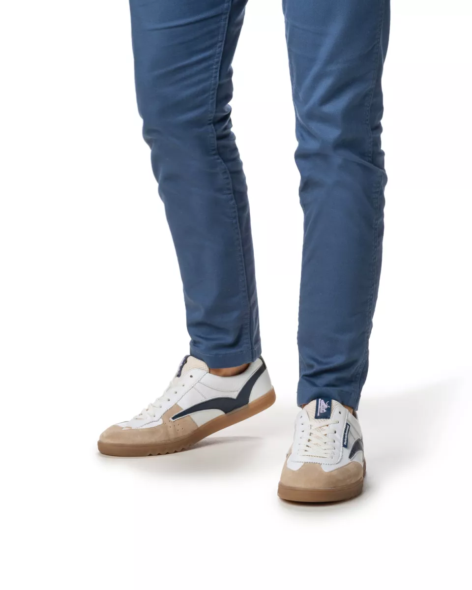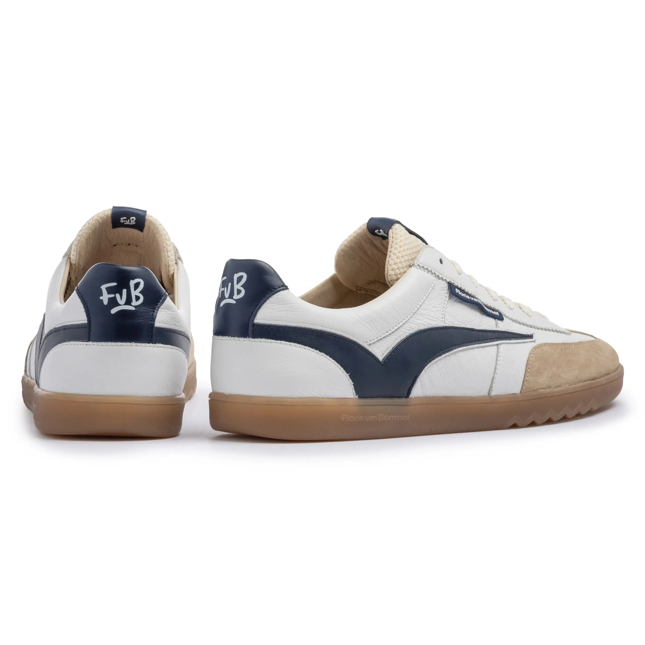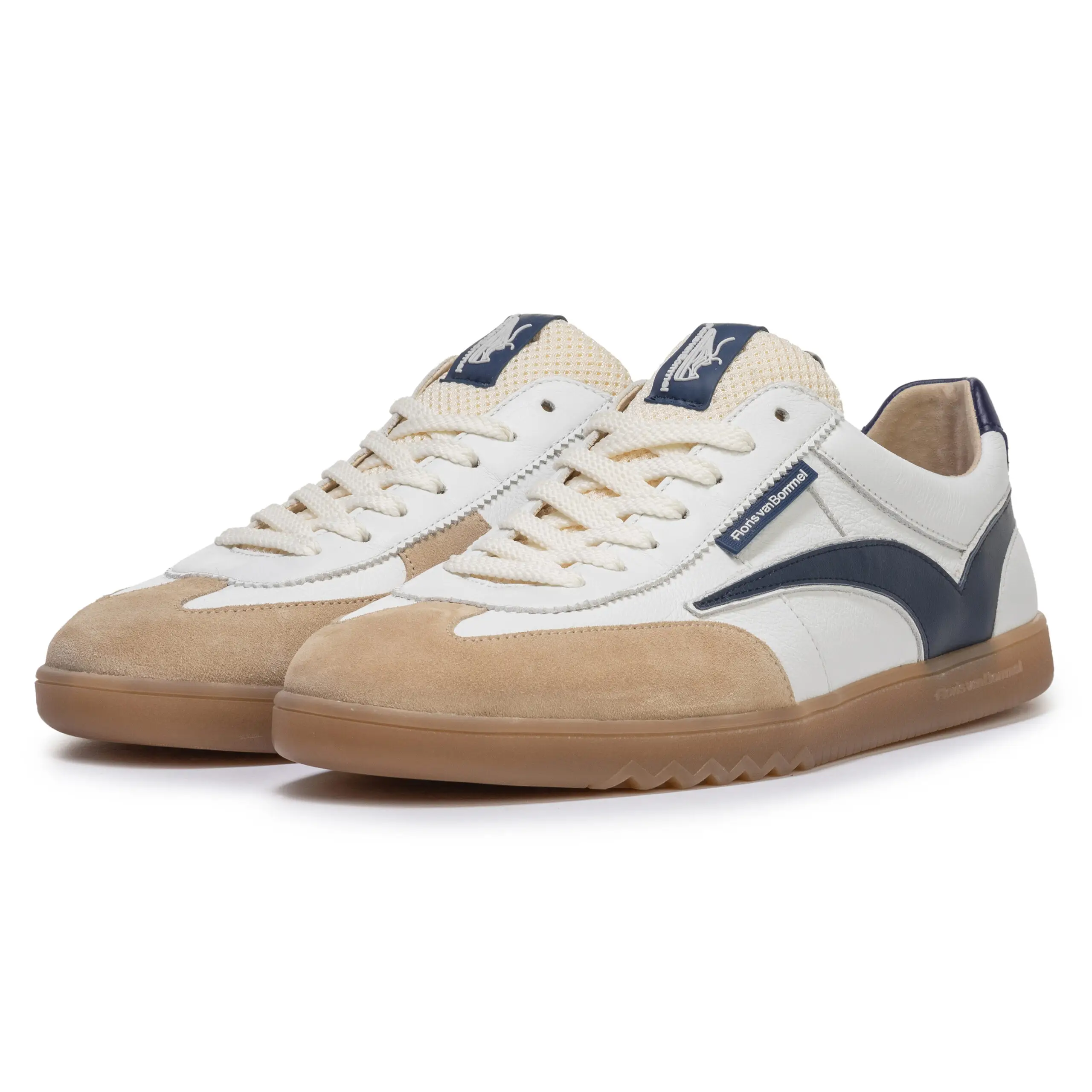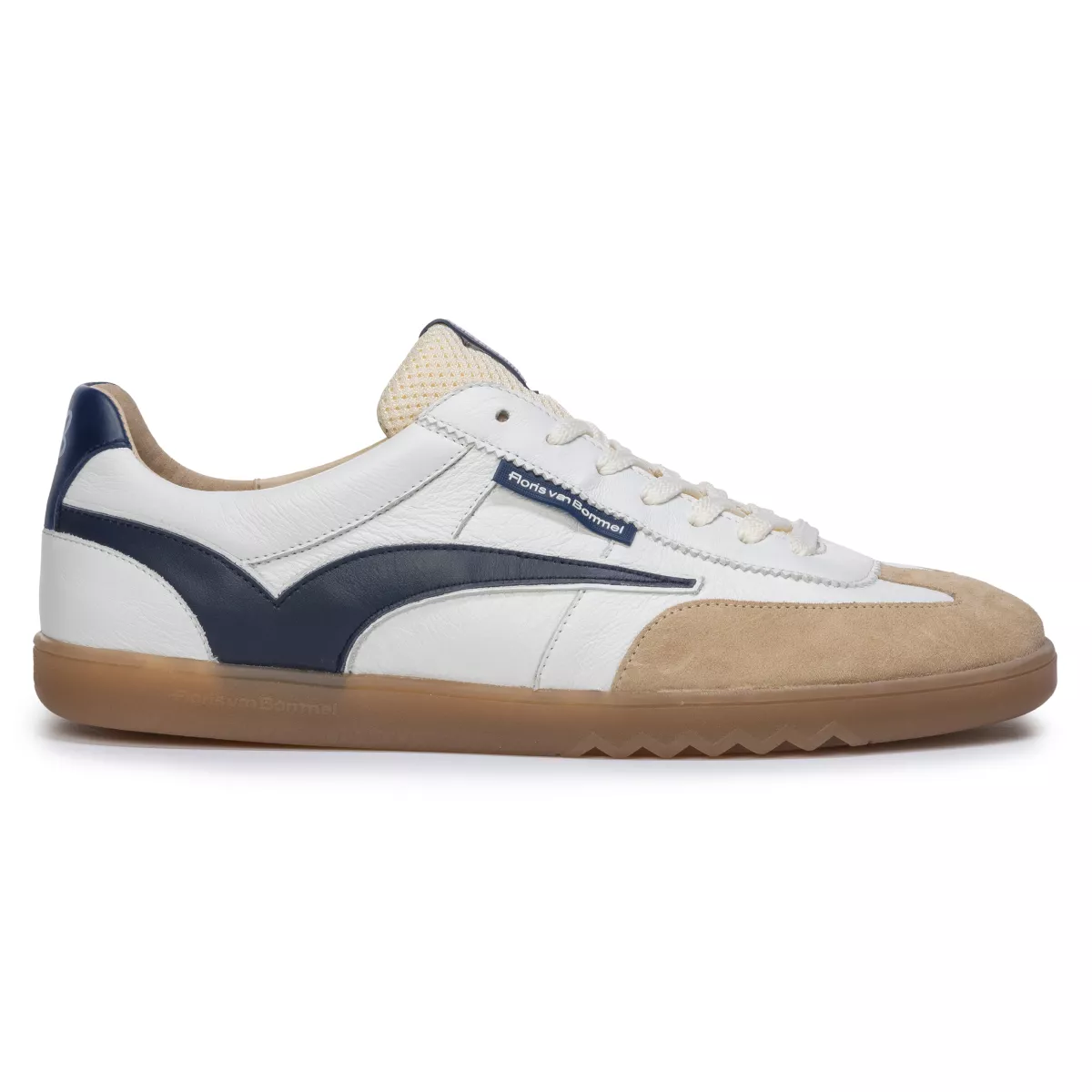 Deze De Zaler-sneaker is geïnspireerd op vintage indoorsportschoenen. De zijkant is gedecoreerd met een retro Floris van Bommel-sportbelijning. Vanwege de inspiratie uit het verleden is de kuipzool ook passend basic gehouden. Om de zool toch naar het heden te brengen, is onder de voorvoet een kenmerkende Floris van Bommel-zigzaglijn aangebracht. Op de tong, zijkant en hiel zijn Floris van Bommel-logos aangebracht. De binnenkant van de schoen is voorzien van een luxe leren voering en een uitneembaar voetbed, dat kan worden vervangen door een persoonlijk voetbed of steunzool. Deze sneaker is uitgevoerd in een rustige mix van wit leer en zandkleurig suède, afgewerkt met een contrasterende sportbelijning op de zijkant.
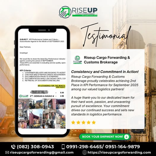 Riseup Cargo Forwarding & Customs Brokerage announced a significant achievement, earning 2nd Place in Key Performance Indicator (KPI) Performance for September 2025 among its core network of trusted logistics partners.
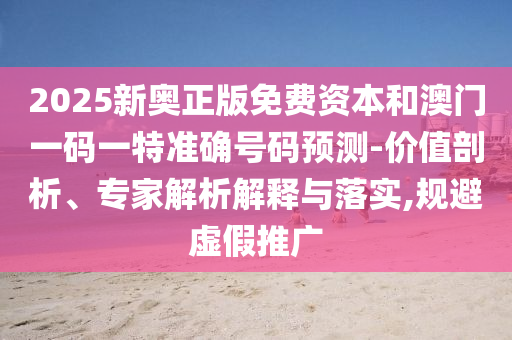 2025新奧正版免費資本和澳門一碼一特準確號碼預測價值剖析、專家解析解釋與落實和規避虛假推廣”的解析
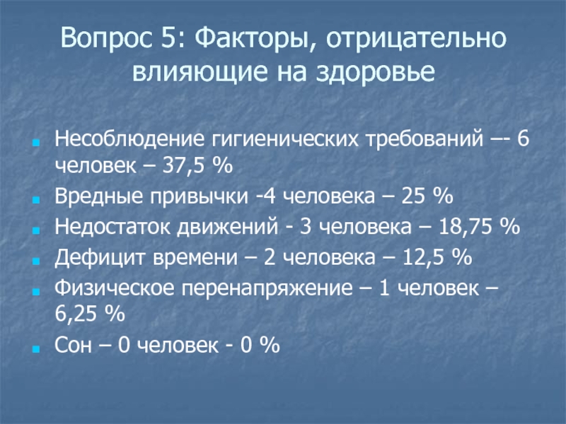 Слайд 27Вопрос 5: Факторы, отрицательно влияющие на здоровье
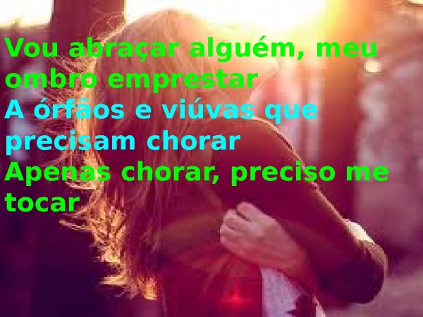 - Vou abraçar alguém, meu ombro emprestarA órfãos e viúvas que precisam chorarApenas chorar, preciso me tocar
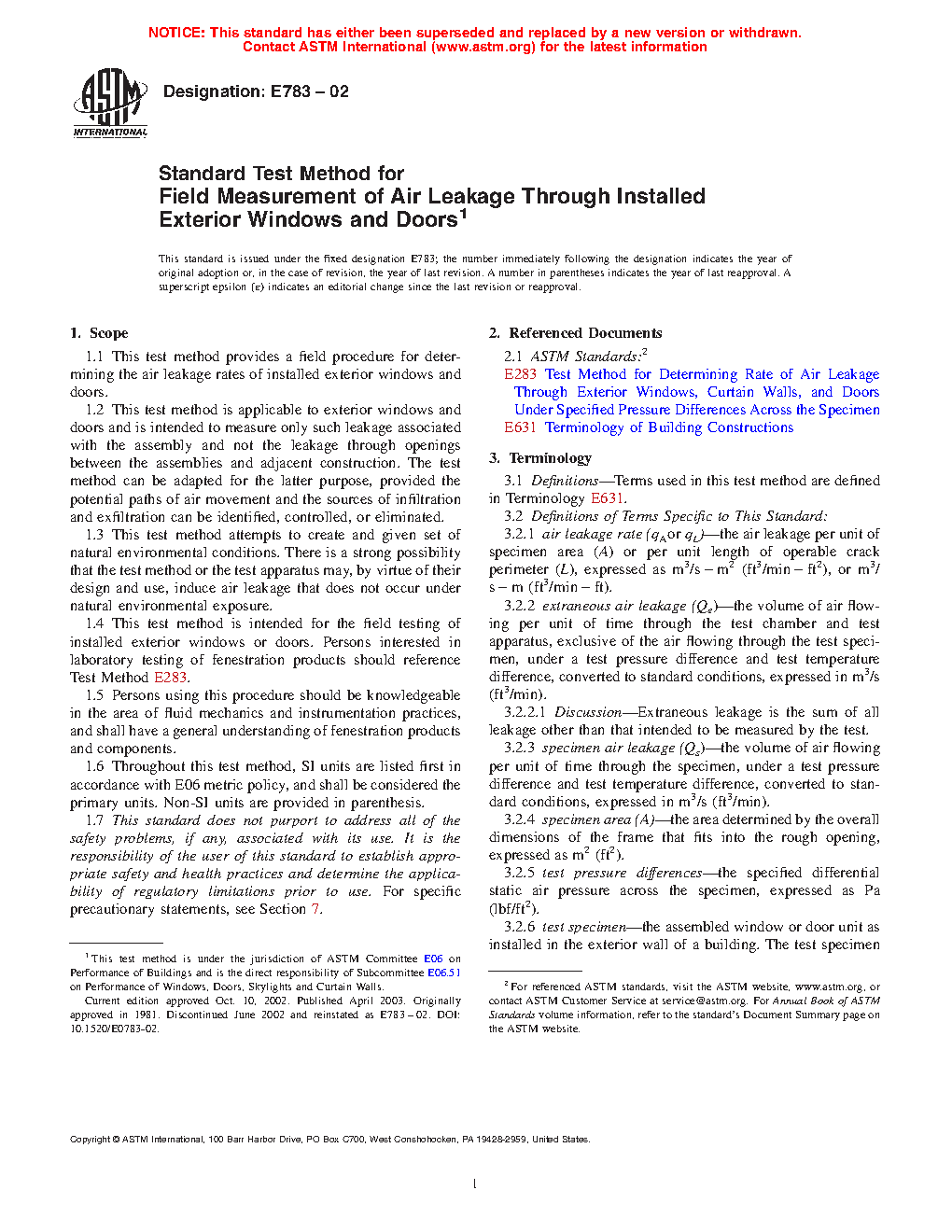 1.4 This test method is intended for the field testing of installed exterior windows or doors. Persons interested in laboratory testing of fenestration products should reference Test Method E283.

WHAT IS REQUIRED: Every line above should be output exactly, except for the pictures.

SOLUTION TO THIS EXERCISE:
 Deze De Zaler-sneaker is geïnspireerd op vintage indoorsportschoenen. De zijkant is gedecoreerd met een retro Floris van Bommel-sportbelijning. Vanwege de inspiratie uit het verleden is de kuipzool ook passend basic gehouden. Om de zool toch naar het heden te brengen, is onder de voorvoet een kenmerkende Floris van Bommel-zigzaglijn aangebracht. Op de tong, zijkant en hiel zijn Floris van Bommel-logos aangebracht. De binnenkant van de schoen is voorzien van een luxe leren voering en een uitneembaar voetbed, dat kan worden vervangen door een persoonlijk voetbed of steunzool. Deze sneaker is uitgevoerd in een rustige mix van wit leer en zandkleurig suède, afgewerkt met een contrasterende sportbelijning op de zijkant.
 Riseup Cargo Forwarding & Customs Brokerage announced a significant achievement, earning 2nd Place in Key Performance Indicator (KPI) Performance for September 2025 among its core network of trusted logistics partners.
 2025新奧正版免費資本和澳門一碼一特準確號碼預測價值剖析、專家解析解釋與落實和規避虛假推廣”的解析
 Слайд 27Вопрос 5: Факторы, отрицательно влияющие на здоровье
 - Vou abraçar alguém, meu ombro emprestarA órfãos e viúvas que precisam chorarApenas chorar, preciso me tocar
 1.4 This test method is intended for the field testing of installed exterior windows or doors. Persons interested in laboratory testing of fenestration products should reference Test Method E283.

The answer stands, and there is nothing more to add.